More control of maintenance processes at startup/restart #29662

issue domZippilli openend this issue on March 15, 2024
  1. domZippilli commented at 4:53 pm on March 15, 2024: none

    Please describe the feature you’d like to see added.

    I’d like some way to control the levelDB compaction processes a bit more. Specifically, if I could control when they are scheduled (hourly in the background, for example), and possibly limit resources they consume (I/O, in particular), I think it would help.

    The problem I’m having is that when I reboot my bitcoin-core node (which runs with txindex=1), the RPC listener comes up pretty promptly, so my healthchecks (currently just TCP) pass. However, the service is not in its usual baseline state; it is doing a lot of read I/O, and logging about levelDB compaction. This condition lasts for about an hour.

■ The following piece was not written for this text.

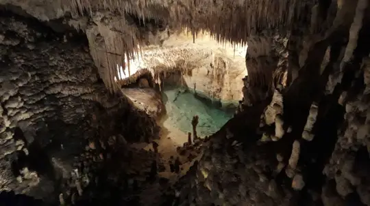 Al entrar, los visitantes avanzan por salas amplias cubiertas de estalactitas —largos “carámbanos” de piedra que cuelgan del techo—. Al final del recorrido llega la sorpresa: una sala con lago y música en directo.

    Here is an illustration of the I/O level relative to baseline. The left side is the restart, and the lower right side is after this abates. Dark blue is read:

    Here’s a summary of the logs at this time:

    The “Compacting” log line is extremely elevated during this period (though it does occur at a much lower level after):

    Here’s a graph of RPC trace P50 duration before, during, and after this phase:

    The real problem is the last graph, the elevated RPC latency. The tail and head latencies are also much worse than normal, so it’s not just a tail latency issue I could solve with timeouts / hedging. The server goes from microsecond/millisecond latency to 10s of seconds, especially for sendrawtransaction (10-30s max), with listunspent a distant second (3-4s max).

    This latency abates as soon as the high I/O and compaction logging stops. I am therefore making the intuitive leap (so experts, please consider this critically and I welcome other explanations) that resource utilization during compaction is causing some RPCs to be very slow. I also considered lock contention (perhaps cs_main) but I couldn’t see it in the code.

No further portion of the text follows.